Eva is a scientist of international standing in hybrid dynamical systems, cyber-physical systems, network science, mathematical modelling, simulation, automated verification and reasoning, formal methods of computer science, symbolic artificial intelligence (AI), automation, control engineering, robotics, stability of dynamical systems, evolution of complex systems, self-organisation, advanced algorithms, computational neuroscience, neuro-inspired computing, data science and collective intelligence.
Eva has developed her career in industry and academia in three different countries: Mexico, the UK and Spain. She shadowed the footsteps of Alan Turing in Manchester, and Santiago Ramón y Cajal in Madrid. She is one of the world's experts in Turing's morphogenesis –having collaborated with the last Alan Turing’s student. She is currently proposing new brain-inspired models of computation, learning and evolution for complex systems and modelling important aspects of the human brain as a Reader in Data Science and Director and Founder of AiDAs, the Artificial intelligence and DAta science Research Lab at the School of Engineering, Computing and Mathematical Sciences in the University of Wolverhampton.

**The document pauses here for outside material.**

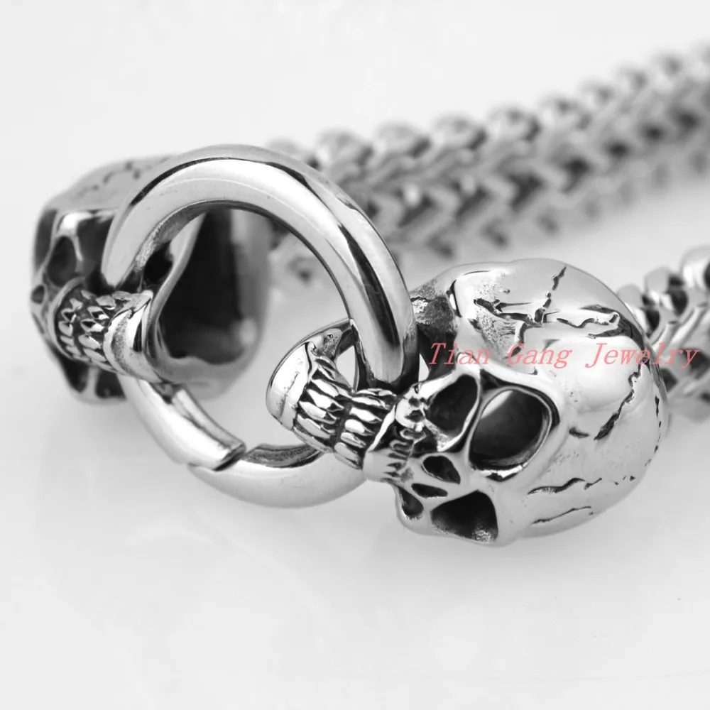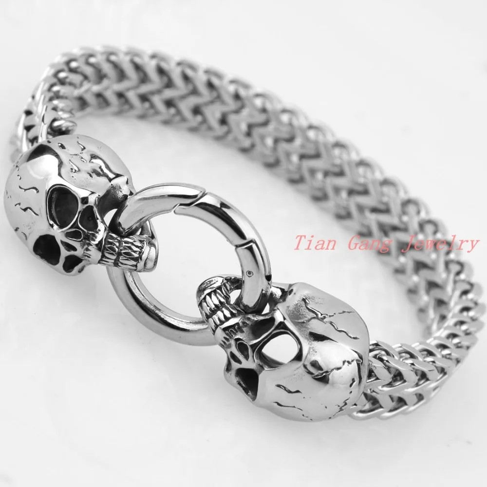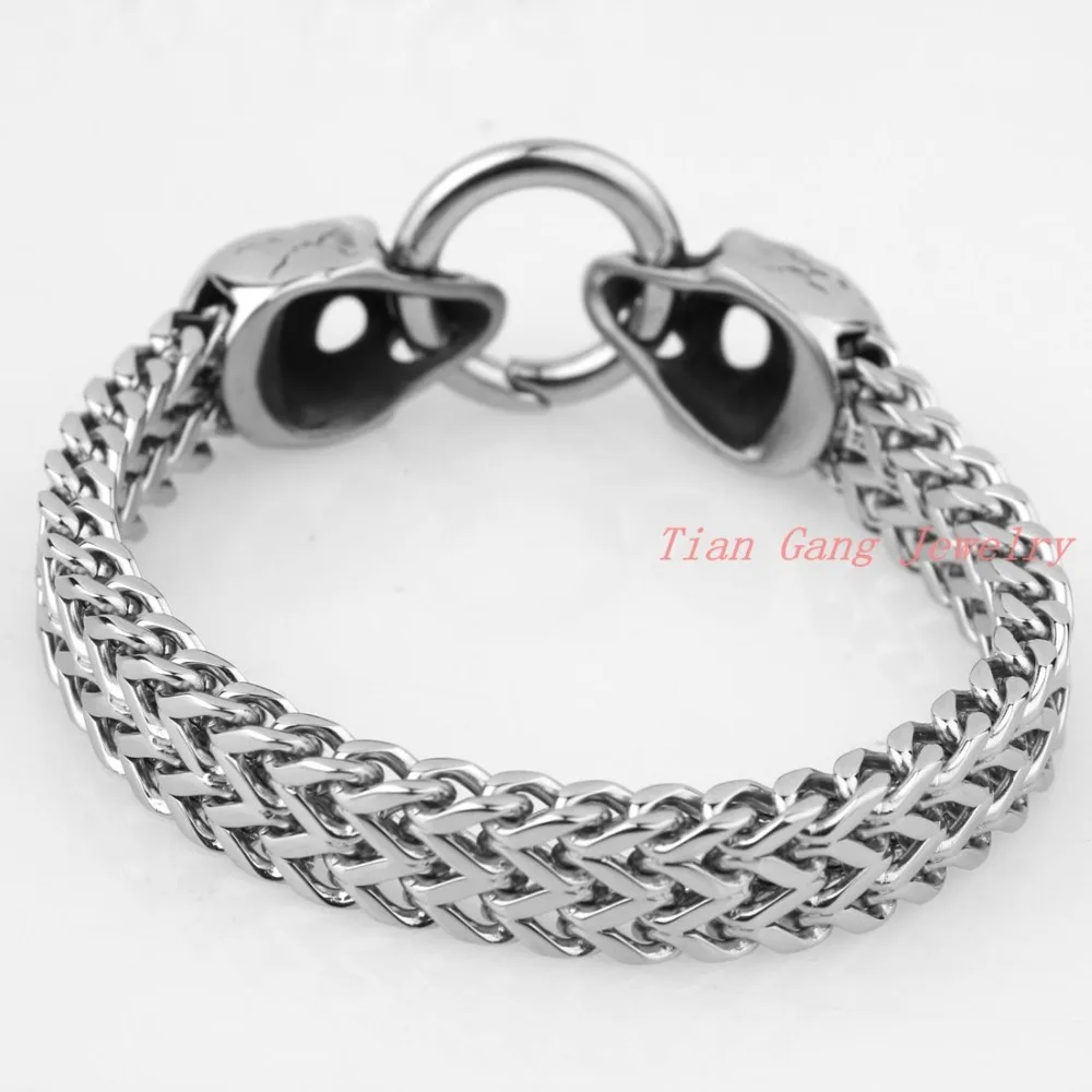 Special Offer Punk Stijl Zilveren Schedel Rvs Armbanden Charms Mannen 12 MM Brede Armband Retro Link Chain Bangles Mode sieraden Discount 10% Today!

Embedded within the nascent field of cyber-physical social systems, she is also a Honorary Senior Research Fellow of the Spatial Policy Lab of the Manchester Urban Institute and the School of Environment, Education and Development at the University of Manchester, where she applies network and data science to analyse social and urban dynamics. Moreover, she is part of the core team of AI Mexico, which promotes artificial intelligence (AI) education and its responsible adoption by industry. AI Mexico is the coordinating institution of the Coalition IA2030Mx, a key coalition for the National Agenda for AI of Mexico. She is part of TechnoLatinas, a community to bring together technologists and scientists from Latin America and all around the world to support each other and advocate for equality, diversity and inclusion. She has been recently appointed as an Expert of the UNESCO Inclusive Policy Lab and a member of the Board of Trustees for the Swedish AI Fund Program at AI Center in Sweden.

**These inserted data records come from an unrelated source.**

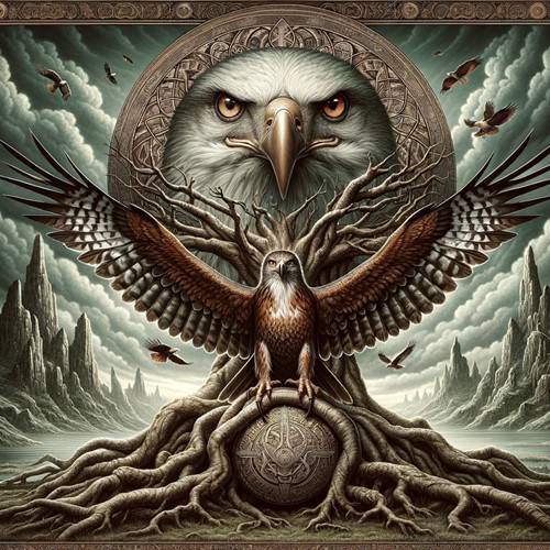 I nordisk mytologi sidder en mægtig ørn i toppen af verdenstræet Yggdrasil. Under dens vinger bor en høg ved navn Veðrfölnir, som giver ekstra skarphed til ørnens syn. Denne ørn symboliserer visdom og overblik over de ni verdener, som Yggdrasil forbinder. Dualiteten mellem ørnen i træets top og dragen Nidhug ved rødderne symboliserer konflikten mellem himmel og jord.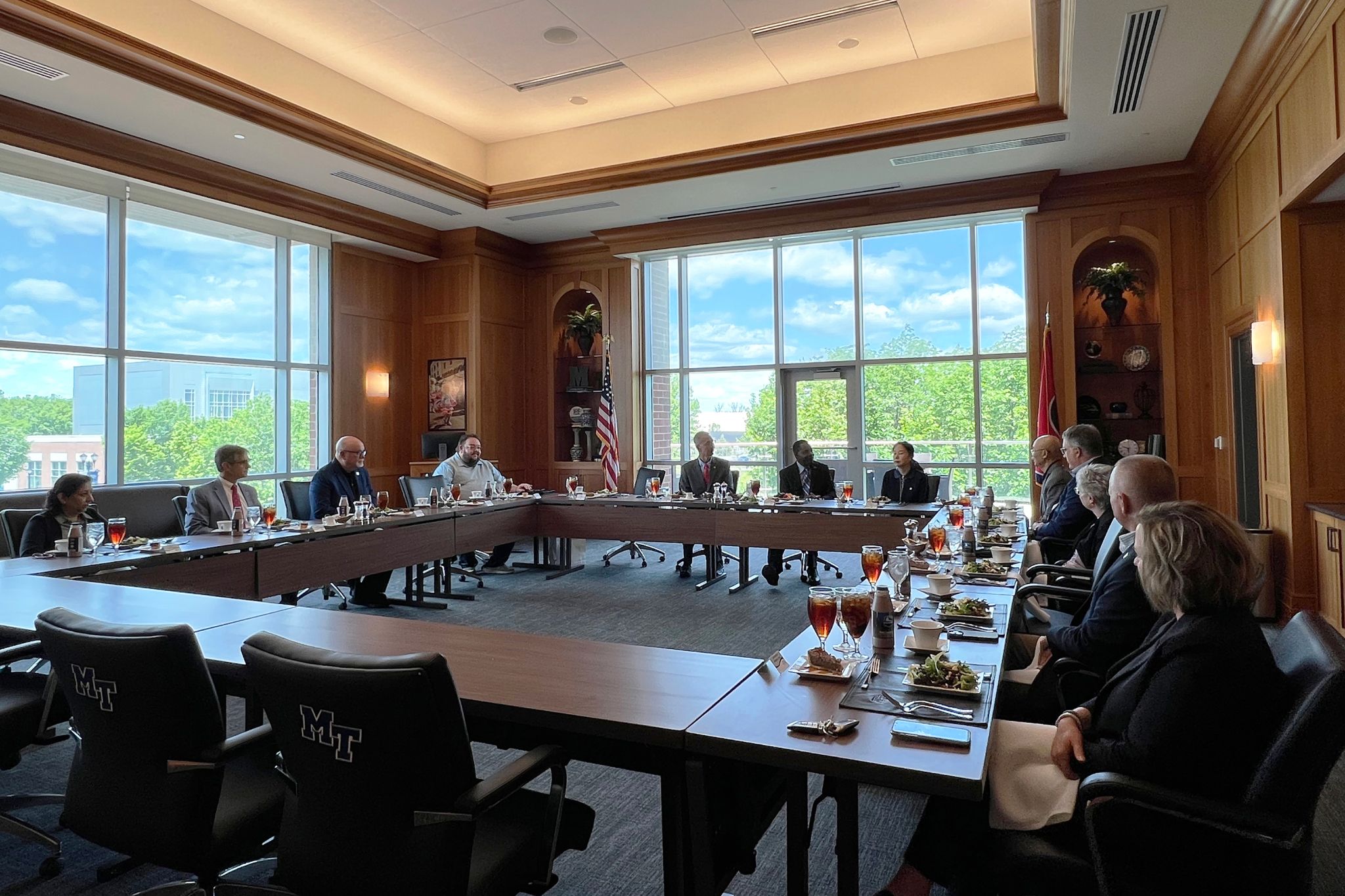 5月1日中午,中田纳西州立大学为代表团举行了欢迎午宴。中田纳西州立大学校长Sidney McPhee,教务长Mark Byrnes,学生事务副校长Debra Sells,学校发展副校长Joe Bales,财务副校长Alan Thomas,市场与传播副校长Andrew Oppmann,国际事务副校长Robert Summers,应用科学学院院长Greg Van Patten,计算机科学系主任Medha Sarkar,亚洲研究中心主任Guanping Zheng教授等出席。午宴上,中田纳西州立大学校方和代表团畅聊交流合作计划,分享彼此的经验和想法,加深彼此了解。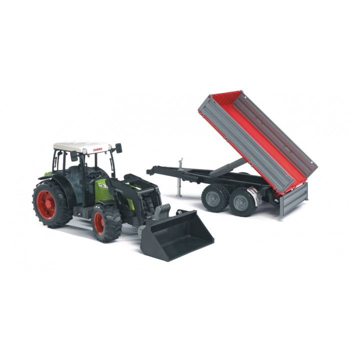 Maketa traktora Nectis 267 F z edície Bruder Claas s funkčným čelným nakladačom a sklápacou vlečkou ponúka výbornú zábavu pre všetkých milovníkov traktorov. Model je vybavený predným a zadným závesným zariadením,
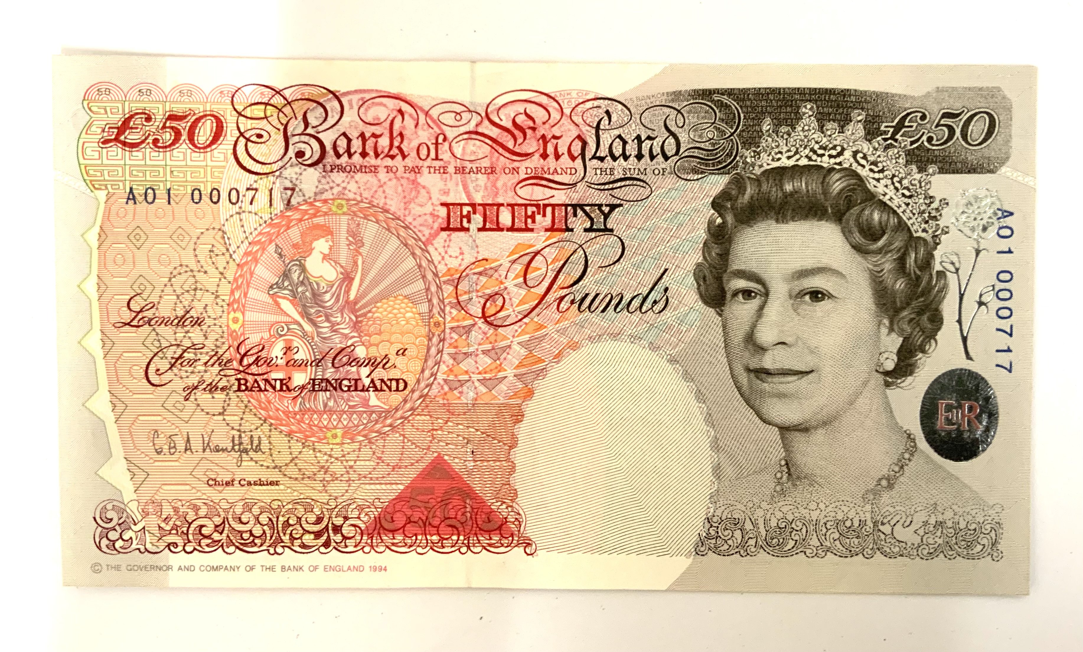 1994 G.E.A Kentfield, 50 note, First run Serial A01 000717, Unc, Mint. High Grade.

Eva is one of the 7 founders of ACM-Women Europe (the Association for Computing Machinery’s Council on Women in Computing in Europe) and the founder of the ACM womENcourage conference series in Europe. She is also a member of the British Computer Society (BCS) Women in Computing Research Committee of the BCS Academy of Computing.

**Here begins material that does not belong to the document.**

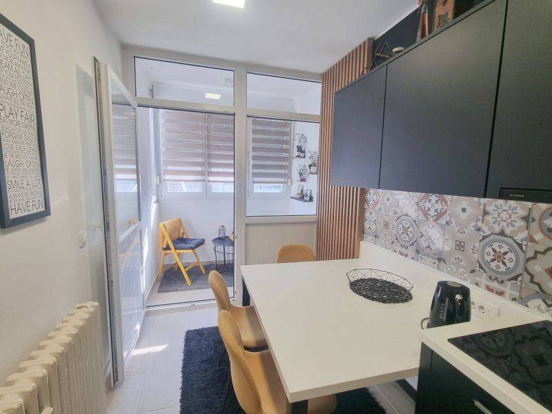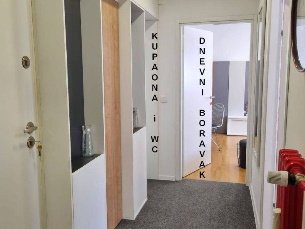 ZAGREB - TREŠNJEVKA - SREDNJACI Srednjaci su zagrebačko gradsko naselje (kvart) na zapadnom dijelu grada između Zagrebačke avenije (sjever) i Horvaćanske ceste (jug), a zapadno od Knežije, odn. Selske ceste. Stan se nalazi u stambenoj kvalitetno građenoj zgradi NA PRVOM KATU osmerokatnice vrlo kvalitetno građenoj 1965. godine, tako da ju potres iz 2020. godine uopće nije ni malo oštetio. U blizini se nalaze pošta, trgovine, pekarnica, frizerski salon, foto radnja, cvjećarna, kafići, ljekarna, osnovna škola, vrtić, i ostali urbani sadržaji. Jarunsko jezero i sportski centar “Jarun” su desetak minuta pješice od stana Kvart je prometno odlično povezan tarmvajskim linijiama 5 i 17 na Horvaćanskoj cesti i autobusnom linijom 109 na Selskoj cesti. PARKING je JAVNI i NENAPLAĆUJE SE. Ovaj izvrstan 2 SOBNI STAN kompletno adaptiran i renoviran (nove vodovodne i odvodne cijevi, novi razvod struje) te dizajnerski i po mjeri namješten i uređen sa novom pvc stolarijom s pvc roletnama. Lođa je ostakljena na način da se i prozračuje i čini mali zimsk vrt za odmor za ispijanje crnog napitka. U suhom, betoniranom suterenu stanu pripada spremište (ŠUPA) od 2 m2 i slobodno korištenje DVIJE zajedničke BICIKLANE. STAN 54 m2 + spremište 2 m2 STAN SE SASTOJI OD: Predsoblja/hodnika, izbe (špajze) kuhinje s blagovaonom i izlazom na lođu, dnevnog boravka, spavaće sobe i kupaone s wc-om. ORIJENTACIJA: ISTOK Nova PROTUPROVALNA ULAZNA VRATA GRIJANJE: je radijatorima centralno preko gradske toplane s pripadajućim razdjelnicima koji ekonomiziraju potrošnju, kao i topla voda. Stan je i inače zimi vrlo ugodno topao jer je u zgradi vrlo dobro pozicioniran. Kompletno je namješten i opremljen potrebitim aparatima: HLADNJAK sa ledenicom, mikrovalna pećnica, PERILICA posuđa, NAPA, ugradbena električna ploča 4 mjesta, ugradbena pećnica …, PERILICA rublja, TV, KLIMA uređaj… SVI UREĐAJI I NAMJEŠTAJ su u cijeni i ostaju u stanu. Zbog optimalne kvadrature režije su minimalne, na mjesečnoj bazi cca 100 € ljetne, te cca 140 € zimske. Stan je ODMAH USELJIV po isplati cijene. VLASNIŠTVO JE ČISTO i bez tereta, a zgrada ima uporabnu dozvolu tako da je kupoprodaja moguća i kreditom ili kombinirano. Uvažavajući izvrsnu makro i mikro lokaciju stana, odličnu opremljenost, te vrlo korektnu cijenu i izuzetno male režije, Agencija za promet nekretninama Centar poslovnih usluga d.o.o. ga toplo svima preporuča. !!!! Kontakt za informacije i dogovor za razgled - moguće i vikendom, na 091/333-23-23, 095/333-23-23, ivan@nekretnine-hr.eu

Reflecting her international standing in neuromorphic computing, hybrid systems and cyber-physical systems, she is advisor for the prestigious Jülich Forschungszentrum in Germany for the foundation of two institutes of neuromorphic computing and served as the UK representative on the management committee of the European Action “Multi-Paradigm Modelling for Cyber-Physical Systems”. She is also a member of the IFAC Technical Committee of Discrete Event and Hybrid Systems, the IFAC Technical Committee of Biological and Medical Systems, the IEEE-CSS Technical Committee on Power Generation Control (Renewable Energy Generation), the Turing Centenary Advisory Committee, and the Observatory of Industry 4.0 in Spain, amongst many other technical committees and advisory roles in prestigious international associations.
More information about Eva Navarro's eclectic work can be found at Eva Navarro's webpage.
Scientists and artists are alike in that both attempt to understand the world better. At best, both scientists and artists manage to make the world a better place. Diversity and happiness lies within. These are my goals. At root there is an ethical dimension to my strong commitment to people and social awareness in science and education.
The core of my research is complex dynamical systems, computational science and industrial automation. However, I have always challenged the existing orthodoxy in these areas and have combined five classically-separated disciplines: computer science, artificial intelligence (AI), control engineering, mathematical systems analysis and network science –with strong links to industry.
I am a leading researcher in various aspects of hybrid dynamical systems, cyber-physical systems, control systems, automated formal verification, stability theory, complex networks and symbolic AI, as well as self-organising systems, with applications in brain networks, evolution in ecology, gene regulatory networks, software dependency networks, social networks, collective behaviour in animals, cells and people, electromechanical systems, robotics, power electronics, smart grids, systems biology, smart cities, drilling mechanisms, oil and gas networks, and distribution and transportation networks. Uniquely, I have made key contributions to the theory of dissipative nonlinear discrete-time systems and hybrid automata, and to the automated verification and control of diverse discontinuous/switched, hybrid and cyber-physical systems. I was the principal investigator in the first funded project in the UK (DYVERSE) dedicated explicitly to the control and formal verification of nonlinear hybrid dynamical systems with multiple equilibria and non-standard and non-simplistic dynamics. Very few researchers deal with this type of theory and systems.
My contributions to the oil and energy industry sector in Mexico are highly regarded. I coordinated and participated in projects on exploration and production, drilling, optimisation of distribution/transportation networks, smart grids and fault diagnosis. I also worked in projects on computer security systems, expert and agent-based systems for decision making (process plants), and logistics problems.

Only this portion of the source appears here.